Sa voix se brisa dans sa gorge, et elle se dressa à l'aide de ses mains et tendit le cou vers moi. Je lui tapotai le dos et m'assis près d'elle.

"Nadia ! Je t'ai apporté des cadeaux du Koweït, beaucoup de cadeaux. J'attendrai que tu puisses quitter le lit, complètement et bien guérie, et tu viendras chez moi et je te les donnerai. Je t'ai acheté le pantalon rouge que tu m'as demandé dans ta lettre. Oui, je les ai achetés."

C'était un mensonge, né de la situation tendue, mais en le prononçant, j'ai senti que je disais la vérité pour la première fois. Nadia trembla comme si elle avait un choc électrique et baissa la tête dans un terrible silence. Je sentis ses larmes mouiller le dos de ma main.

«Dis quelque chose, Nadia ! Tu ne veux pas du pantalon rouge? Elle leva son regard vers moi et fit mine de parler, mais ensuite elle s'arrêta, serra les dents et j'entendis à nouveau sa voix venant de loin.

"Oncle !"

Elle étendit la main, souleva la couverture blanche avec ses doigts et désigna sa jambe, amputée en haut de la cuisse.

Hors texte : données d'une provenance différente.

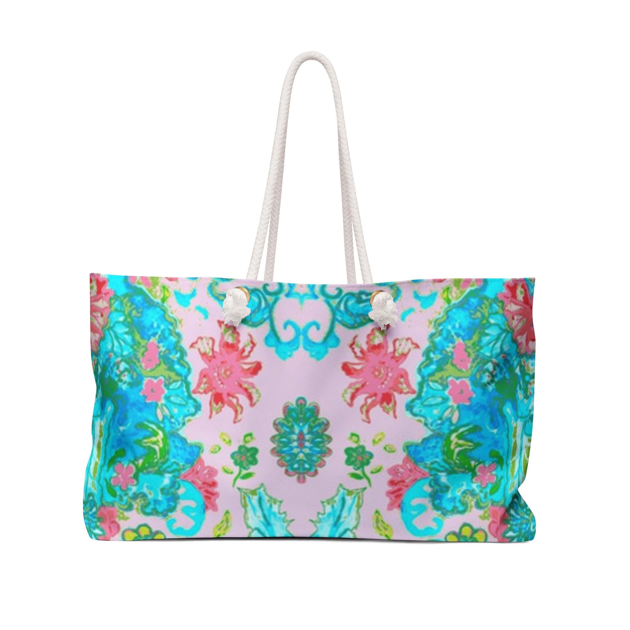 This roomy Weekender Bag brings a burst of retro joy to weekend escapes and city adventures. A playful, funky chick in a hippie-inspired print pops against vibrant colors, setting a carefree, far-out mood. The roomy T-bottom silhouette holds a weekend’s worth of clothes, a pair of shoes, and a book. Thick cream rope handles slip easily over the shoulder and feed through gold-toned grommets for a touch of vintage flair. Inside, a soft cream sheeting lining keeps contents cozy and makes packing simple. The spun polyester exterior resists wrinkles so the bold print stays bright and ready at a moment’s notice. Assembled in the USA with globally sourced parts, this bag feels handmade and ready for spontaneous road trips, festival weekends, or lazy beach mornings.

Mon ami... Jamais je n'oublierai la jambe de Nadia, amputée en haut de la cuisse. Non ! Je n'oublierai pas non plus le chagrin qui avait modelé son visage et s’est marqué à jamais dans ses traits. Ce jour-là, je suis sorti de l'hôpital de Gaza, ma main crispée, comme une dérision silencieuse, sur les pommes que j'avais apporté avec moi pour les donner à Nadia. Le soleil flamboyant remplissait les rues de la couleur du sang. Et Gaza était toute neuve à mes yeux, Mustafa ! Toi et moi ne l'avions jamais vu comme ça. Les pierres empilées au début du quartier Shajiya où nous vivions avaient un sens, et elles semblaient n’avoir été posée là que pour l'expliquer. Cette bande de Gaza dans laquelle nous avons vécu et passé sept ans de défaite avec de bonnes personnes était chose nouvelle. Cela me semblait être qu’ un début. Je ne sais pas pourquoi j'ai pensé que ce n'était qu'un début. J'imaginais que la rue principale que j'avais empruntée sur le chemin du retour n'était que le début d'une longue, longue route menant à Safad [ville de l’extrême Nord de la Palestine]. Tout dans cette bande de Gaza palpitait d'une tristesse qui ne se bornait pas à des pleurs. Cela posait un défi : plus que ça, c'était comme l’exigence de la récupération de la jambe amputée !

J’ai marché dans les rues de Gaza, des rues remplies d’un soleil aveuglant. Elles m'ont dit que Nadia avait perdu sa jambe en se jetant sur ses petits frères et sœurs pour les protéger des bombes et des flammes qui avaient lancé leurs griffes sur la maison. Nadia aurait pu se sauver, elle aurait pu s'enfuir, sauver sa jambe. Mais elle ne l'a pas fait.

Pourquoi ?

Non, mon ami, je ne viendrai pas à Sacramento et je ne regrette rien. Non, et je ne terminerai pas non plus ce que nous avons commencé ensemble dans notre enfance. Ce sentiment obscur que tu avais en quittant Gaza, ce petit sentiment doit devenir un géant au plus profond de toi. Il faut qu'il grandisse, il faut le rechercher pour te retrouver, ici parmi les affreux débris de la défaite.

Je ne viendrai pas à toi. Mais toi, reviens nous ! Reviens, pour apprendre de la jambe de Nadia, amputée en haut de la cuisse, ce qu'est la vie et ce que vaut l'existence.

Reviens, mon ami ! Nous t’attendons tous.